Having optimised the adding and removal of the particles as far as I could go the final bottle neck was contract resolving/reaction based on the numbers coming from Farseer; trying to process 600+ collisions per frame was just too much.
There are two logical steps which can be taken from this point;
- GPU processing
Pushing Farseer onto a second thread wouldn't be that hard; there would be some sync issues as drawing requires all simulation to be completed, however that's a minor point. What it does allow, on the PC at least, is game logic and particles to run at the same time and still have a chance of hitting 60fps.
However, while pushing the sim onto another thread does solve the problem of not having enough time for game logic it doesn't really buy us anything. The big problem is the 360; simply put the power isn't there. It takes ~9x longer to update the particles without collisions on the 360 than it does on my PC, which has a lower clock speed to start with. Throw collisions into the mix and even on a different core we are going to have major problems.

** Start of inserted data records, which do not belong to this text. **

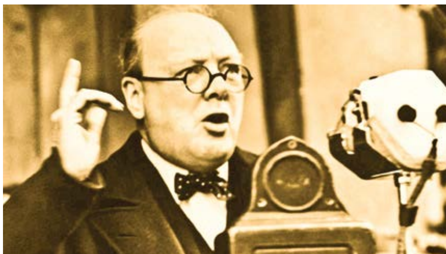
Winston Churchill.

Kdo byl vlastně Churchill? Odkud pramenilo jeho výjimečné odhodlání, které bylo tak viditelné a které přineslo takové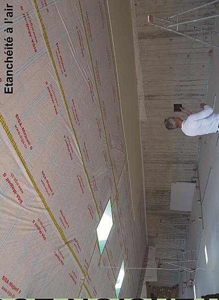
Étanchéité à l'air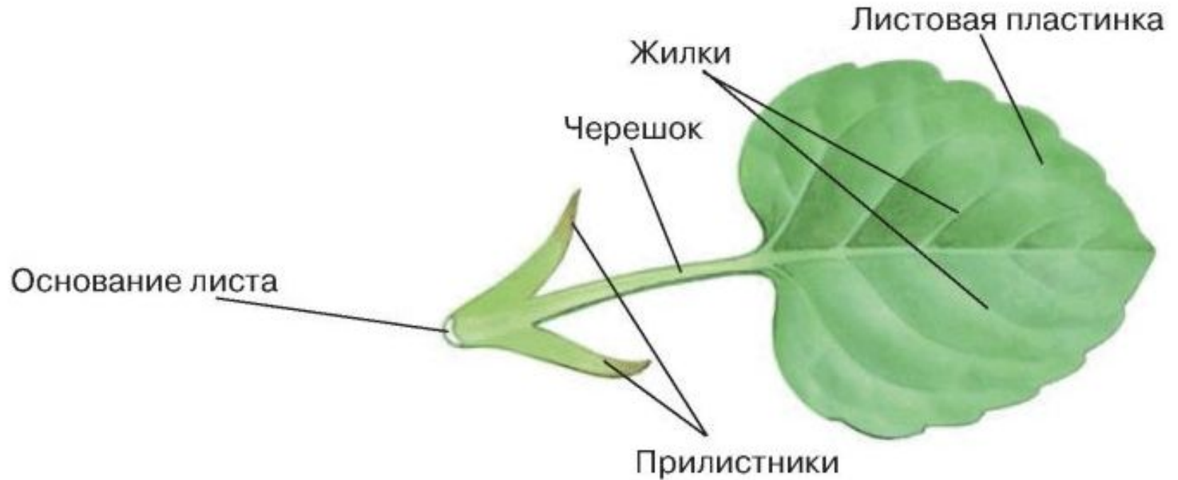
Внешнее строение листа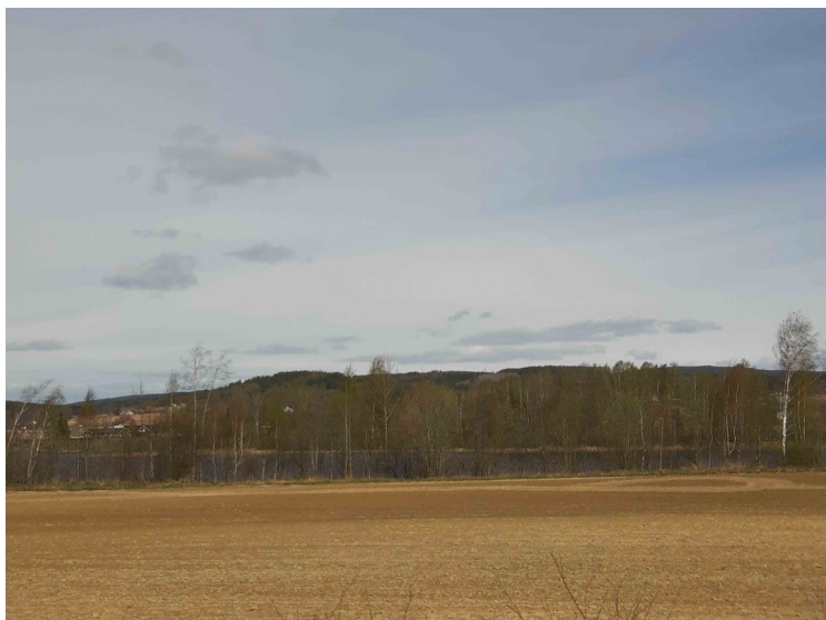
Det er tørt på de høstpløyde jordene og sanden fyker i vinden.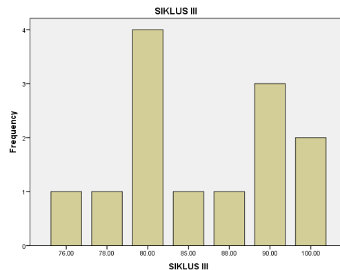
Gambar 3. Diagram Batang Hasil Evaluasi Siklus III

Berdasarkan nilai rata-rata dan sebaran data hasil evaluasi pada siklus ketiga menunjukkan bahwa sebanyak 6 siswa atau 46,15% yang memperoleh nilai di bawah rata-rata dan sebanyak 7 siswa atau 53,85% yang memperoleh nilai pada rata-rata dan atas di atas rata-rata. Hasil ini menunjukkan bahwa perolehan hasil belajar Pendidikan Agama Kristen pada siklus III sudah cukup baik, yang ditandai dengan lebih dari 50% siswa yang memperoleh nilai pada rata-rata dan di atas rata-rata. Apabila melihat dari masing-masing siswa, menunjukkan kenaikan perolehan nilai yang berkisar antara 1 – 10 poin. Dari ketiga siklus yang telah diberikan dalam pembelajaran menunjukkan peningkatan kenaikan hasil belajar. Ketika guru memperbaiki baik materi yang ditambahkan dengan gambar yang berwarna dalam kehidupan sehari-hari sesuai dengan materi dan disertai pemberian contoh melalui video yang diambil dari YouTube mampu meningkatkan hasil belajar siswa dalam mata pelajaran Pendidikan Agama Kristen.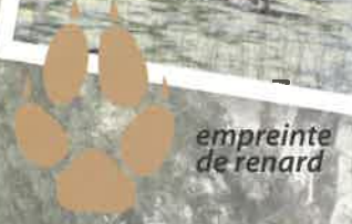
empreinte de renard

La faune aquatique se multiplie par l'intermédiaire des canards et poules d'eau, qui lors de leurs passages déposent des œufs de poissons qu'ils transportent au creux de leurs pattes. Les eaux de la carrière sont appréciées par les pêcheurs pour leurs brochets, carpes, tanches, perches, gardons, ... Retrouvez les différents points de vente des titres de pêche dans la rubrique Infos pratiques de ce dépliant.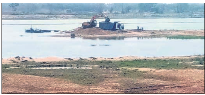
ବୈତରଣୀ ନଦୀ ଗର୍ଭରୁ ବାଲି ଉତ୍ତୋଳନ କରାଯାଇଛି।

ଯାକପୁର ଜିଲ୍ଲା ଦେଇ ପ୍ରବାହିତ ବୈତରଣୀ ନଦୀରୁ ବାଲି ଲୁହ୍ ସୂଚିତ ଯୋଜନାରେ ଚାଲିଛି। ଯୋଜନା ଅନୁଯାୟୀ ଲୁହ୍ ବାଲି ବାବଦ ଅର୍ଥକୁ ୪ ଭାଗ କରାଯାଇଛି। ଗୋଟିଏ ଭାଗ ସରକାରଙ୍କ ରାଜସ୍ୱ ଆଦାୟରେ ଦର୍ଶାଯାଉଥିବାବେଳେ ଆଉ ୩ ଭାଗ ଅର୍ଥକୁ ସମ୍ପୂର୍ଣ୍ଣ ସଂସ୍ଥା, ତହସିଲ ଅଧିକାରୀ ଓ ଦାୟିତ୍ୱରେ ଥିବା ଅତିରିକ୍ତ ଜିଲ୍ଲାପାଳଙ୍କ ପକ୍ଷରୁ ଯାଉଥିବା ଅଭିଯୋଗ ହେଉଛି।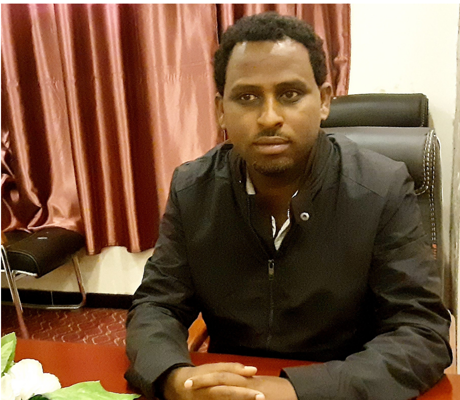
ኣቦ መንበርን መስራትን ማሕበር መስቀል ጮምዓ መቐለ ኣይተ ገ/ሀይወት ተ/ሃይማኖት

ከምኡውን ኣብቲ ከባቢ ዝተፈላለዩ ስራሕቲ ልምዳታት ይሰለጡ ኣለዉ። በቢ እዋኑ “ፕሮፖዛል” ብምቕራፅ ንሰብ ሃፍትን ትካላትን ብምሕታት እቶም ስራሕቲ ይሰለጡ እዮም። ብመሰረት ዚ ምስ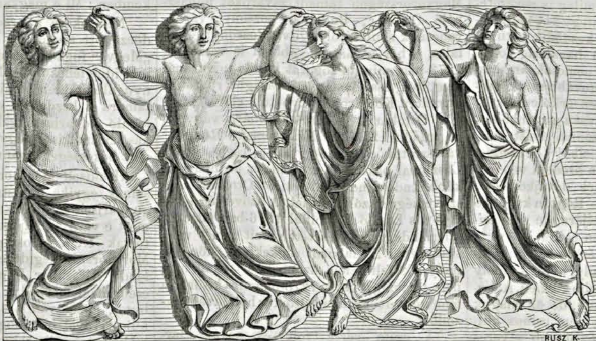
Alexy szoboresportozata. I. (A pesti új redoute-épület oszlopain.)

A hatóság ezen ajánlatot szívesen vette s pedig annyival inkább, mert a brünni hadonok, főleg a szökék, a veszélyes candidatiótól rettegven, nyakrafőre siettek a sárkány gyomrába utat nyitó egyetlen sine qua non-tól mihamarább megszabadulni. — Wachmann tehát pár napig egymásután csalétkül kitett eleven borjakkal ingerelte a fenevad étvágát, mire ez negyed napra a borjút csakugyan fel is falta. Ötöd napon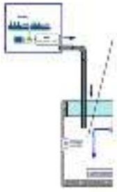
Gambar 3. Diagram proses Unit Mobile Ozonasi Katalitik (E-Sikat)

Perbandingan efisiensi proses penghilangan warna dengan input 2 liter air limbah industri kecap dapat diketahui melalui hasil pengujian air terolah yang ditunjukkan pada Tabel 1. Terlihat bahwa warna air limbah menunjukkan penurunan sebesar 55% setelah proses ozonasi saja selama 35 menit. Sedangkan waktu ozonasi katalitik batch untuk penghilangan warna air limbah sebesar 95% adalah 19 menit. Secara umum proses mobile ozonasi katalitik menunjukkan efisiensi penghilangan warna terbaik yaitu untuk penghilangan warna air limbah sebesar 95% adalah 11 menit.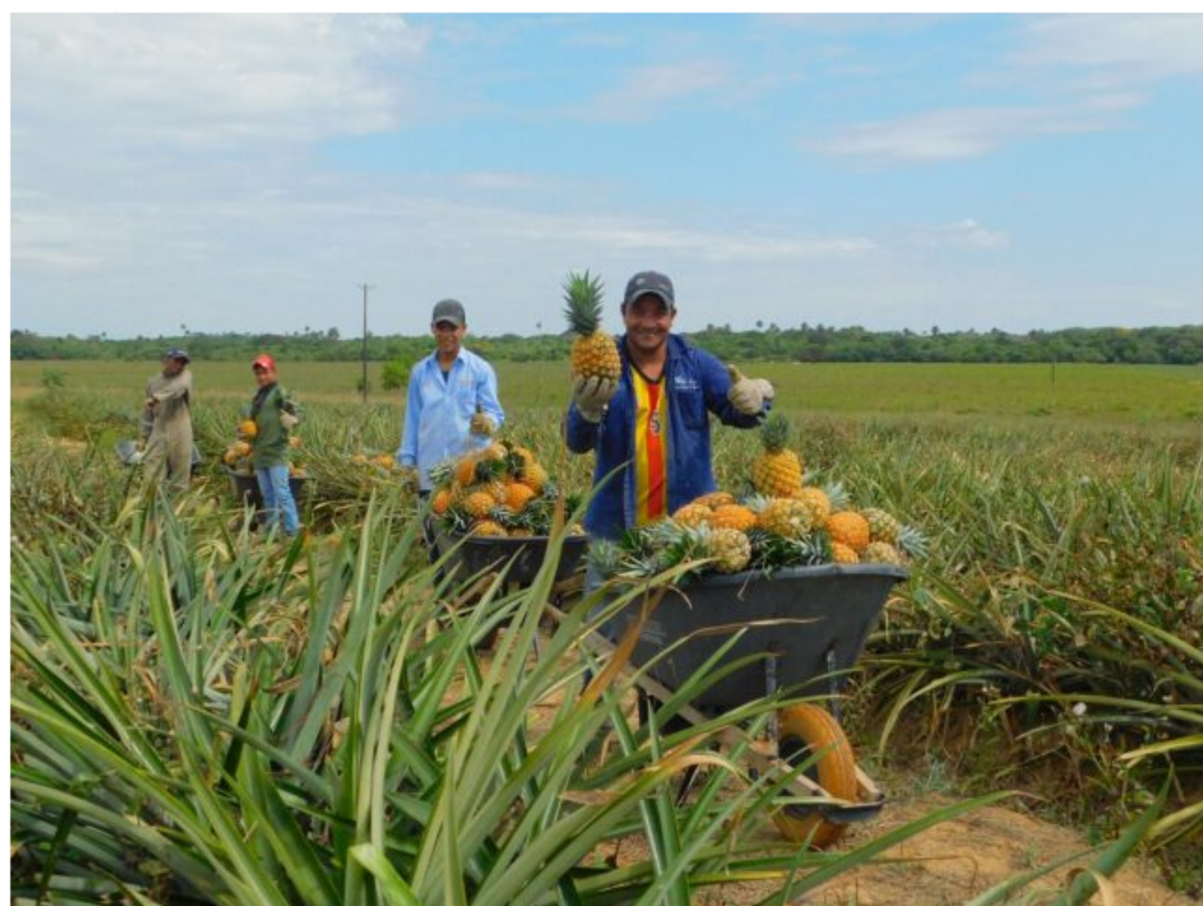
120 productores de piña en el municipio de Tauramena, serán beneficiados en la estrategia tecnológica, organización y comercial, en cooperación con la Cámara de Comercio de Casanare, y en articulación con la Alcaldía.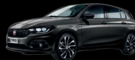
718 - NOIR CINÉMA - MÉTALLISÉE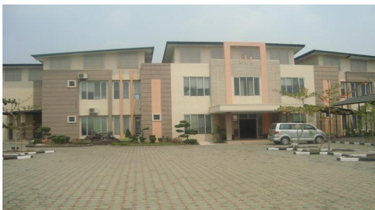
Foto 2. Gedung Bagian Depan SMKN 3 Sekayu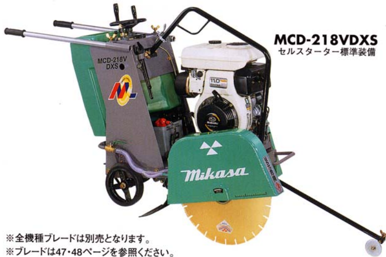
MCD-218V DXS セルスターター標準装備

※全機種ブレードは別売となります。 ※ブレードは47・48ページを参照ください。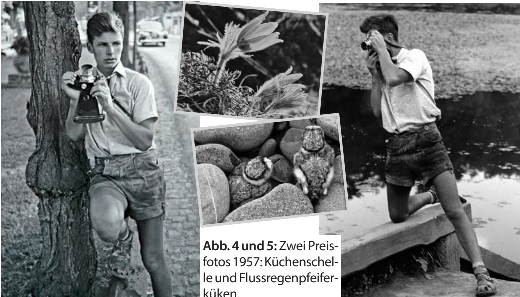
Abb. 4 und 5: Zwei Preisfotos 1957: Küchenschelle und Flussregenpfeiferküken.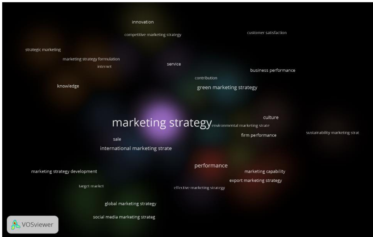
Gambar 2. Hasil Pemetaan Kluster

Secara keseluruhan, temuan yang terintegrasi memberikan pemahaman yang komprehensif mengenai riset strategi pemasaran, menyoroti tema-tema utama, penulis yang berpengaruh, dan tren yang sedang berkembang. Kesenjangan pengetahuan yang teridentifikasi menawarkan peluang berharga untuk penelitian masa depan di bidang ini. Para peneliti dapat mengembangkan pekerjaan yang sudah ada, membahas topik-topik kontroversial, dan mengeksplorasi dimensi-dimensi baru dalam strategi pemasaran, seperti pemasaran yang digerakkan oleh AI, aplikasi blockchain, dan dampak keberlanjutan terhadap perilaku konsumen.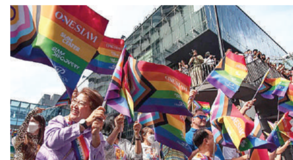
देश बन गया। मालूम हो कि अब इस विधेयक को थाईलैंड के राजा की औपचारिक स्वीकृति मिलने की आवश्यकता है, जिसके बाद

थाईलैंड की संसद ने मंगलवार को समलैंगिक विवाह को कानूनी मान्यता देने वाले एक विधेयक को पारित कर दिया। ताइवान और नेपाल के बाद थाईलैंड समलैंगिक विवाह को अनुमति देने वाला एशिया का तीसरा देश बन गया है। विधेयक को भारी मतों से पारित करने के साथ ही थाईलैंड समलैंगिक जोड़ों को मान्यता देने वाला दक्षिण-पूर्वी एशिया का इकलौता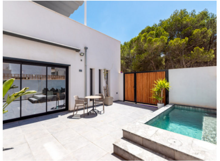
Innenhof mit Pool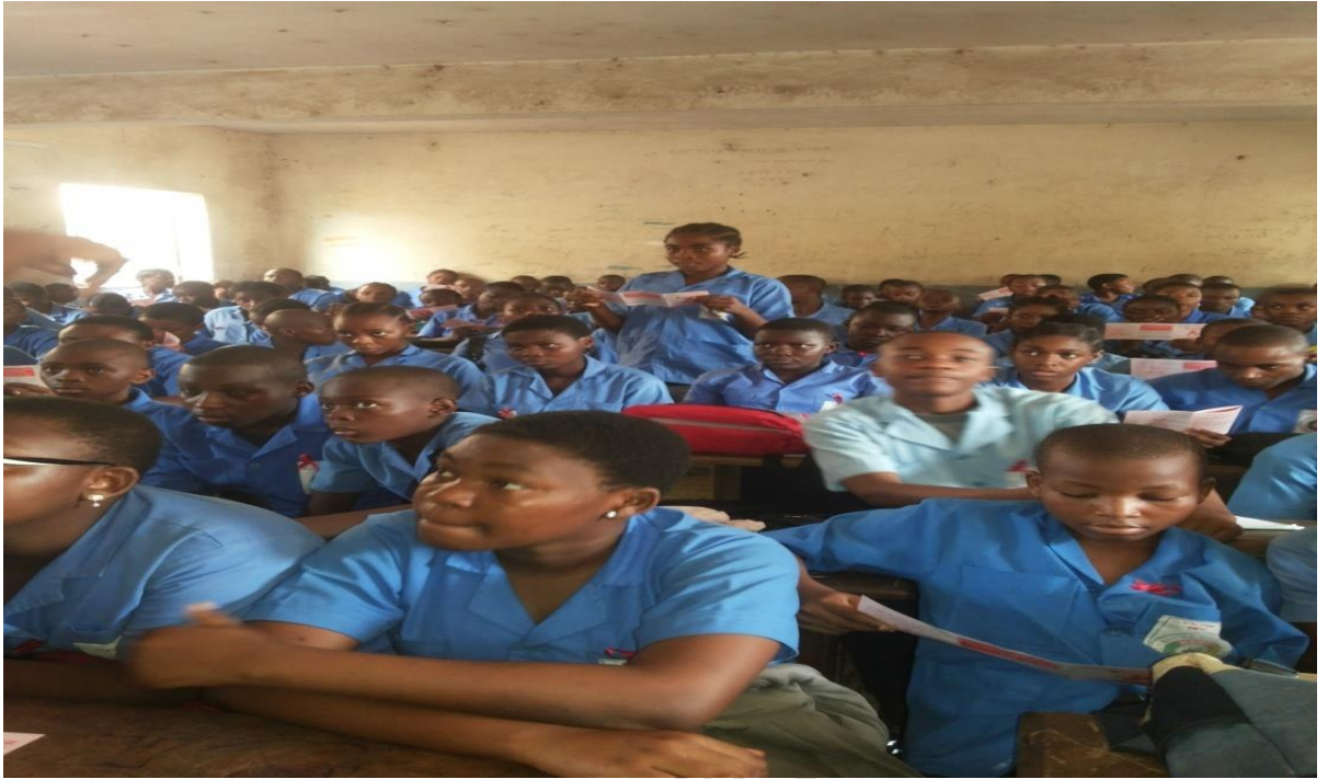
Journée du Sida 2017, Lycée Bilingue de Deïdo, Douala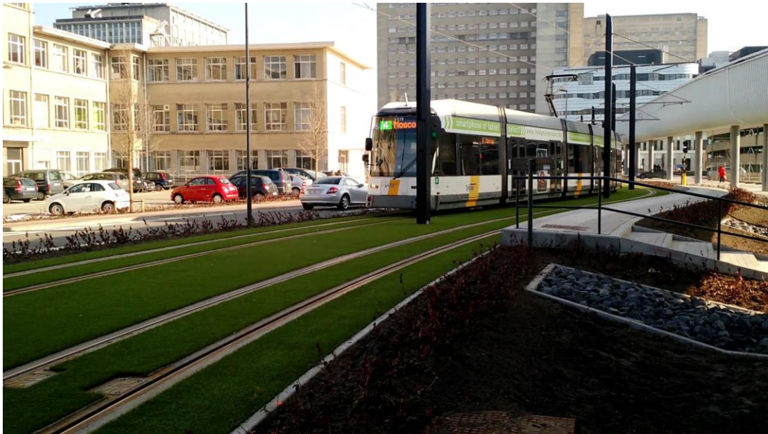
Figuur 18 Tram naar Universitair Ziekenhuis

Met een robuust openbaarvervoersaanbod voor ogen zijn het kortetermijnstadsnet en streeknet goede vertrekpunten. De sterke buslijnen van het kernnet komen overeen met de lijnen die al op de planning staan om te vertrammen. We werken dan ook verder aan het verlengen van lijn 4 tot aan de Dampoort ende vertramming van lijn 7 op middellange termijn en lijn 3 op lange termijn. Voor lijn 3 voeren we – samen met De Lijn – bijkomend onderzoek uit.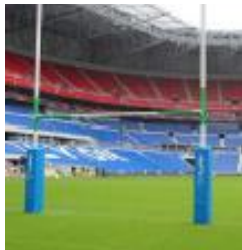
R9051 – Protections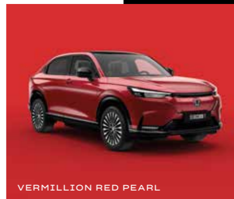
VERMILLION RED PEARL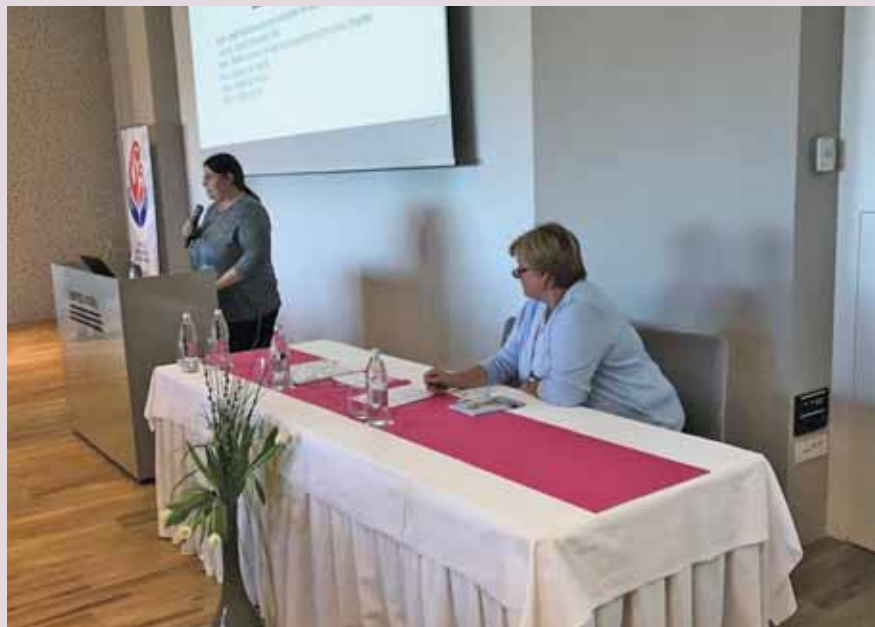
Nagovor predsednice Sekcije MS in babic, Postojna 2018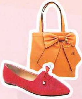
CARLO RINO 桃红尖头鞋, RM69 CARLO RINO 皮革手袋, RM229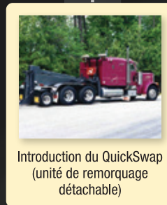
Introduction du QuickSwap (unité de remorquage détachable)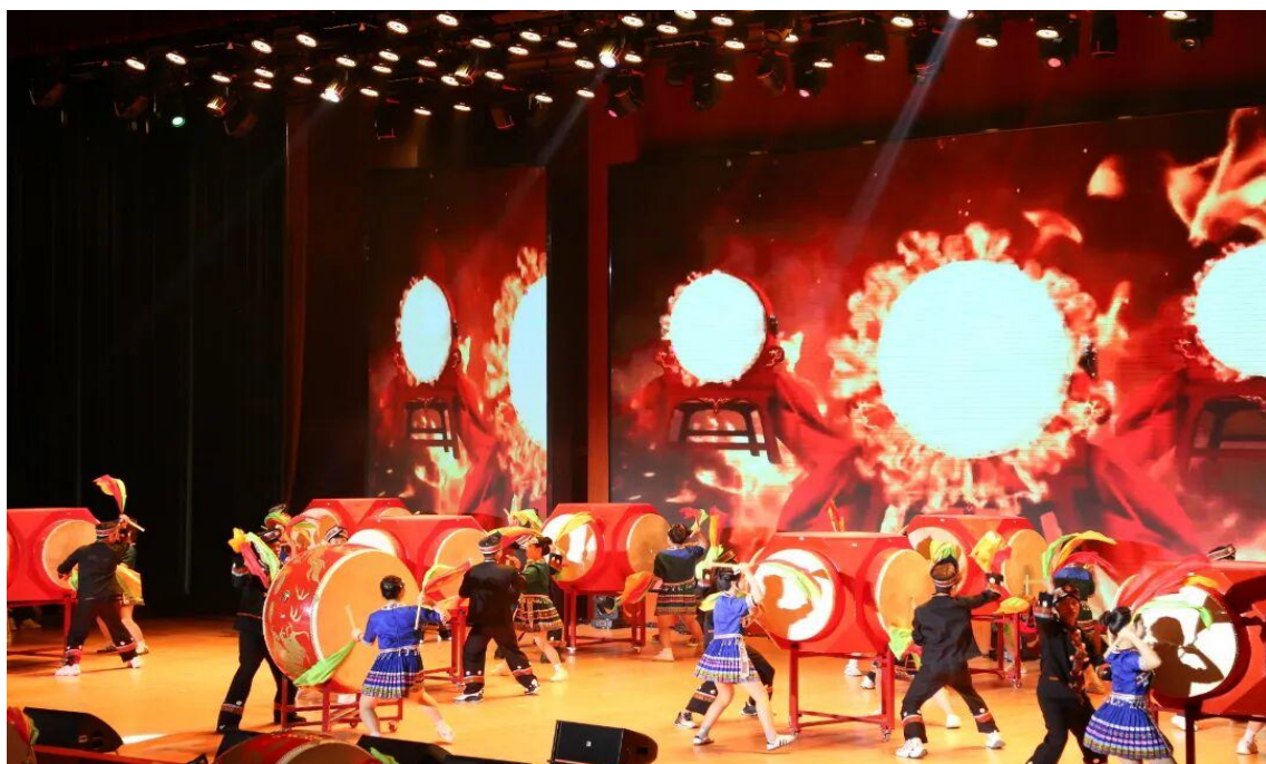
图 3-2：“厚生之光·筑梦健康”文艺晚会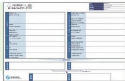
モデルシート(上:財務、下:非財務) →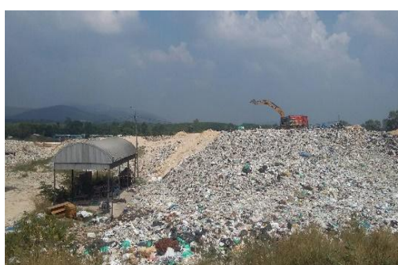
โครงการคลีนซิตี้ (ชลบุรี)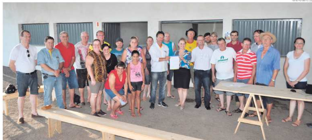
Comunidade participou da entrega da ordem de serviço da Rua A

Será que convergindo todos até um mesmo padrão de corpo homologado das indústrias da imagem, mesmo que de plástica ou anabolizado, esteja-se construindo a ideia do brasileiro, de sucesso? Será?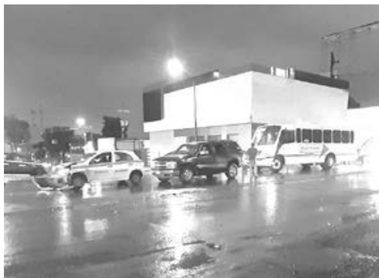
LAS UNIDADES quedaron impactados sobre la avenida Hidalgo.

06:00 OCURRIÓ EL PERCANCE VIAL EN EJERCITO MEXICANO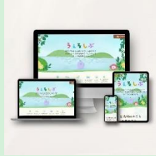
『障がいや病気の兄弟姉妹がいる子どものきょうだい向けの情報サイト「うるるしぶ」』 任意団体うるるしぶ 【東京都】

I did consider increasing the threading deep into Farseer, however while on the surface it might look alot more threadable there are issues with collision response again, where if an object is colliding with 2 or more in the world and it is serviced by two threads at once things are going to go wrong.
That's not to say such a solution isn't possible; however using locks would be expensive and Interlock.CompareExchange() only works on the 360 for types of Int, Obj and refernce type T. While it would be possible to box a float into a reference type I suspect this wouldn't be much of a win performance wise anyway.
At which point I turned to the GPU and after reading some things in GPU Gems 3 and ShaderX 6 I considered that I had come up with a solution to quickly doing the collision detection/response on the GPU. For the 360 this is a win as it would allow me to use the GPU to get around the lack of floating point maths power on the CPU (due to the lack of SIMD instruction exposure).
However, it occured to me earlier today that even this solution, for the game I wish to use it with, has a draw back; I need to know when the particles collide with the main player in order to kill them. While this detection is easy, it's a matter of writing out what the particle collided with, getting at the data isn't as such.
It would require a readback from the GPU and then processing; the inital readback would be slow and processing would be an O(N) operation.
You could read back the last frame's data, which in theory on the 360 should be fast due to the unified memory system, however this relies on their being a frame to read back and probably wouldn't work well in the PC world, wher you can have upto 3 frames of latency.
I think or now I might have to go in a new direction for this;
- scale the number of particles down
- push farseer into it's own thread to at least get it out of the way
The other option is to forget the physics for the particles and just let them act as free agents. This would get back cpu time and while it wouldn't look like the vision in my head... well, there is always release 2 I guess *chuckles*
I do now have the books "Real Time Collision Detection" and "Game Physics Engine Development" to read through, so who knows, maybe in a few months I can have a crack at making a game which will cause even my 4 core/8 thread i7 to cry.. now that would be something *chuckles*
For now, I think I need to refocus on getting a game done and worry about something really pretty and over the top later.